Au-delà des formes opposées, nous pouvons considérer que chaque nouvelle forme spécifique de capital vient compléter les précédentes. Il ne s’agit pas de remplacer une appréhension du réel social fondée sur la notion de capital culturel, social et économique par celle de capital d’autochtonie, mais plutôt de combiner les approches. Surtout, cette double entrée capitalistique permet d’appréhender les individus et les rapports qu’ils entretiennent aux autres et à l’espace dans toute leur complexité, sans se limiter aux catégories « touristes » et « habitants » liées à l’espace-temps dans lequel les individus se trouvent au moment de l’enquête.

Protocole méthodologique

Nous avons mené un total de 62 entretiens à Sarlat à différentes périodes au cours des années 2015 et 2016[5], principalement avec des touristes (30) et des résidents permanents[6] (26), mais aussi des résidents « secondaires », des artistes de rue et des travailleurs saisonniers (6). Nous précisons que nous suivons Daniel Bertaux lorsqu’il affirme que « [dans] l’enquête sociologique de terrain, la notion d’échantillon ‘statistiquement représentatif’ n’a guère de sens ; elle est remplacée par celle de ‘theoritical sampling’ [expression de Glaser et Strauss, 1967] » (Bertaux, 2010 : 26). Il s’agit essentiellement d’en arriver à la saturation progressive du modèle (Glaser et Strauss, 1967). Nous avons par ailleurs fait une première analyse des entretiens au fur et à mesure de leur réalisation, ce qui nous a amenée à constater à partir de quel moment « le rendement devient décroissant » (Ghiglione et Matalon, 1998 : 50). Cette première analyse a également permis de modifier, en cours de route, notre guide d’entretien pour le rendre plus efficace.

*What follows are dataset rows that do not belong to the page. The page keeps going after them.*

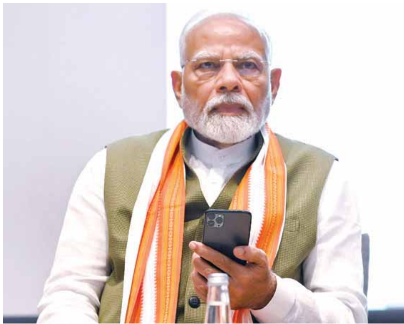
Prime Minister Narendra Modi FILE PHOTO

Moon. India has launched the Mars Orbiter Mission and we have reached pretty close to the Sun through the Aditya - L1 Mission," he said. Today, India is leading the most cost-effective but successful space programme in the entire world, he pointed out. Many countries of the world take help from ISRO for their satellites and space missions, Modi said. "When we see a satellite launch by ISRO, we are filled with
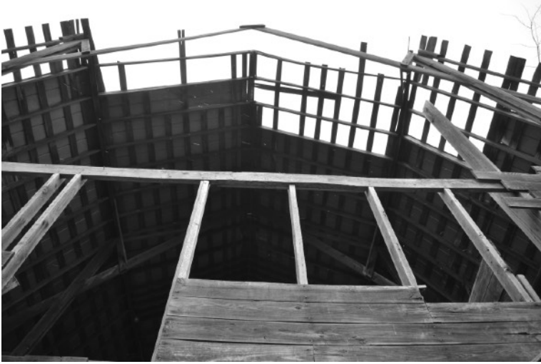
3. Barn on Randall Road
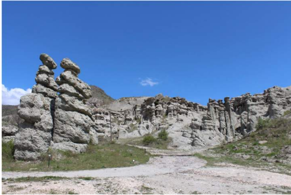
Picture number 7 - Monument of Nature - Site Kamenik Kukli – Kuklica

A very famous archaeological site near Kratovo is Tranupara - Golemo Gradiste, in the village of Konjuh. This archaeological site, also known as "Golemo Gradiste", was founded at the end of the 5th century or the beginning of the 6th century in the province of Dardania in the Eastern Roman Empire. Golemo Gradiste is the largest and so far the best explored city from the 6th century of the new era in the northeast of Macedonia. At this interesting site, there are remains of a unique church called Rotonda.
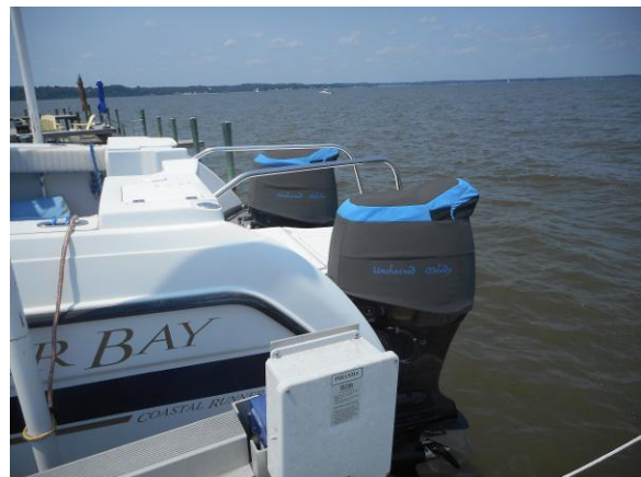
Glacier Bay 2685 Coastal Runner Engine covers
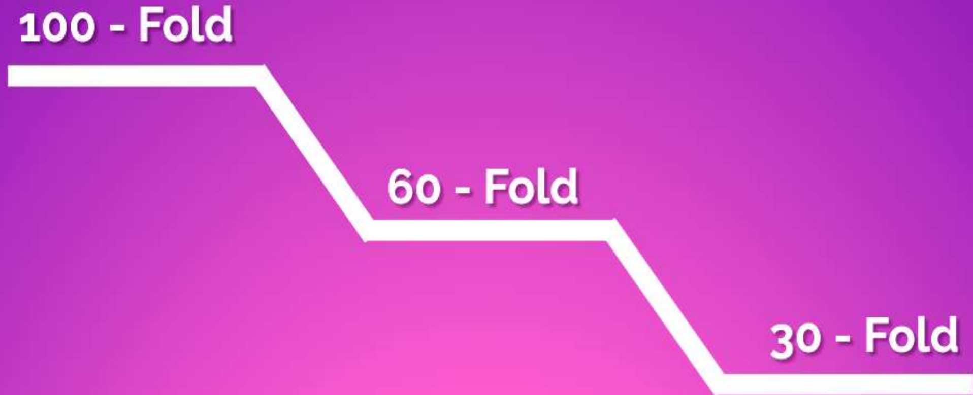
DIAGRAM # 2 – Matthew -100-60-30-fold

Les 62 entretiens n’étaient pas tous semi-directifs dans une forme classique. Ceux auprès des touristes ont été allégés, pour coller au mieux au contexte spécifique de l’enquête. Il est avéré que le temps des vacances, temps utilisé pour se « recréer » (Équipe MIT, 2002), est généralement peu propice à toute activité qui s’affiche comme (trop) sérieuse et chronophage, comme l’ont entre autres démontré Gwendal Simon (2010) et Émeline Hatt (2011). La durée moyenne des entretiens avec les touristes s’est ainsi établie autour de trente minutes[7]. Ces entretiens visaient essentiellement à connaître le profil des touristes, leurs représentations de la ville, leurs pratiques. Dans le cadre de ces entretiens, nous avons également demandé aux touristes de localiser leurs pratiques dans la ville, durant leur séjour, sur un plan vierge. Nous avons rencontré des touristes aux profils variés tant en ce qui concerne l’âge, le genre, le milieu social, etc., sans chercher pour autant à atteindre une quelconque représentativité[8]. Nous avons rencontré une majorité de touristes français. Nous avons par ailleurs eu l’occasion de nous entretenir avec quelques non-francophones. Dans ces cas, les entretiens avaient lieu en anglais.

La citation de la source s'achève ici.